I got a dataframe (dat) with 64 columns which looks like this:
ID A B C
1 NA NA NA
2 5 5 5
3 5 5 NA
I would like to remove rows which contain only NA values in the columns 3 to 64, lets say in the example columns A, B and C but I want to ignore column ID. So it should look like this:
ID A B C
2 5 5 5
3 5 5 NA
I tried the following code, but it leaves me with an empty dataframe
features <- names(dat)[3:64] # define vector with column names to be filtered at
dat <- dat %>%
filter_at(vars(features), all_vars(!is.na(.)))
Someone has an idea why or how to solve this in a better way?

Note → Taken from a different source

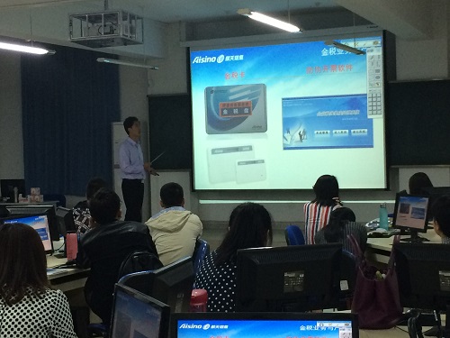 5月18日,我系特别邀请了航天信息股份有限公司甘肃分公司培训部的资深讲师走进大三年级《会计综合实验》的课堂,就电子防伪税控系统在企业会计工作中重要作用与涉税应用给同学们做了详细介绍与演示。整堂课在轻松、愉悦、热烈的氛围中进行,无论是学生在练习环节的积极参与,面对问题时与讲师主动的沟通,还是同学之间热烈的争辩,都使得学习过程变成了充满乐趣的认知体验。
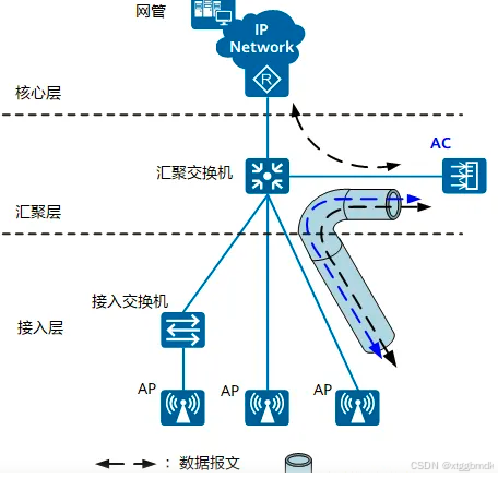 AC的旁挂和直连的方式的使用场景 如图所示,AP的控制和数据流量到达汇聚交换机后,由汇聚交换机转发给AC,AC进行处理后从而返回给汇聚交换机,再转发给核心。这种方式和旁挂式架构中隧道转发的区别在于,隧道转发是通过capwap隧道将报文发至汇聚交换机后,由汇聚交换机转发至AC,AC处理完后再发回汇聚交换机,汇聚交换机再将报文向上层转发。在直接转发模式下,AP的数据报文将不会经过AC,而从上层交换机直接转发,在这种模式下,AC只会对AP的控制报文进行管控,例如AP的上下线,ssid修改等配置操作。所以隧道转发也称为集中转发。

CodePudding user response:
You can use if_all
to remove (!
) rows that are all NA
between index 3 and 64. Also, note that filter_at
is superseded by the use of if_any
and if_all
.
library(dplyr)
dat %>%
filter(!(if_all(3:64, is.na)))
In your example, this translates to:
dat %>%
filter(!(if_all(2:4, is.na)))
# ID A B C
#1 2 5 5 5
#2 3 5 5 NA
CodePudding user response:
This should remove all rows which are completely NA:
dat[rowSums(is.na(dat)) != ncol(dat), ]
CodePudding user response:
We can also use rowMeans
dat[rowMeans(is.na(dat[,3:64]))<1,]